Bug 1449820

Summary: Pod STATUS field is showing actual error message
Product: OpenShift Container Platform Reporter: Vikas Laad <vlaad>
Component: NodeAssignee: Seth Jennings <sjenning>
Status: CLOSED ERRATA QA Contact: Vikas Laad <vlaad>
Severity: medium Docs Contact:
Priority: unspecified    
Version: 3.6.0CC: amurdaca, aos-bugs, bparees, decarr, dma, dwalsh, jhonce, jokerman, jupierce, mifiedle, mmccomas, mpatel, trankin, vlaad, wmeng, xtian
Target Milestone: ---Keywords: Regression
Target Release: 3.7.0   
Hardware: Unspecified   
OS: Unspecified   
Whiteboard:
Fixed In Version: Doc Type: No Doc Update
Doc Text:
undefined
Story Points: ---
Clone Of: Environment:
Last Closed: 2017-11-28 21:54:33 UTC Type: Bug
Regression: --- Mount Type: ---
Documentation: --- CRM:
Verified Versions: Category: ---
oVirt Team: --- RHEL 7.3 requirements from Atomic Host:
Cloudforms Team: --- Target Upstream Version:
Embargoed:
Attachments:
Description Flags
oc describe pod
none
oc describe build
none
describe pod
none
pod yaml where i see ExitCode:0 status none

Description Vikas Laad 2017-05-10 19:46:37 UTC
Description of problem:
oc get pods shows actual error message in Status field instead of just showing "Error"

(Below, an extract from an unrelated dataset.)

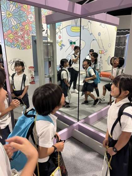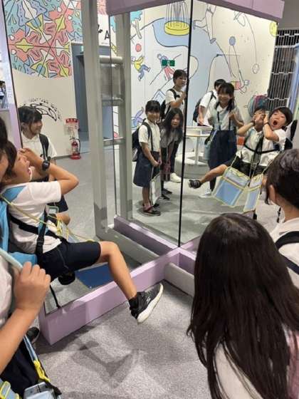 ご飯を食べた後は科学館の館内を楽しみました。月の満ち欠けの学習、鏡に映ると浮いているように見える自分の姿を楽しみました。

root@ip-172-31-4-211: ~ # oc get pods --all-namespaces -o wide| grep Error
proj6       cakephp-mysql-example-17-build   0/1       rpc error: code = 2 desc = failed to start container "f4b8445c1ef6564ff2e6641a98c59f2cdc83cf714854bf1924d41076a7894b62": Error response from daemon: {"message":"linux runtime spec devices: lstat /dev/block/253:19: no such file or directory"}   0          2m        172.20.2.193    ip-172-31-17-182.us-west-2.compute.internal
proj6       cakephp-mysql-example-3-build    0/1       Error                                                                                                                                                                                                                                               0          48m       172.20.2.45     ip-172-31-17-182.us-west-2.compute.internal

Version-Release number of selected component (if applicable):
root@ip-172-31-4-211: ~ # oc version 
oc v3.6.74
kubernetes v1.6.1+5115d708d7
features: Basic-Auth GSSAPI Kerberos SPNEGO

Server https://ip-172-31-4-211.us-west-2.compute.internal:8443
openshift v3.6.74
kubernetes v1.6.1+5115d708d7

How reproducible:
Few error builds show this not all of them.

Steps to Reproduce:
1. Start cakephp builds, I am running 30 concurrent builds
2. See the status field for few failed builds

Actual results:
Shows actual error message.

Expected results:
Should show the Status "Error" not the actual error message.


Additional info:

Comment 1 Vikas Laad 2017-05-10 20:22:14 UTC
Created attachment 1277696 [details]
oc describe pod

Comment 2 Vikas Laad 2017-05-10 20:22:39 UTC
Created attachment 1277697 [details]
oc describe build

Comment 3 Ben Parees 2017-05-10 20:47:50 UTC
I don't think that's right but i also don't think it's a build issue.  We don't set that field, this seems like a pure pod issue.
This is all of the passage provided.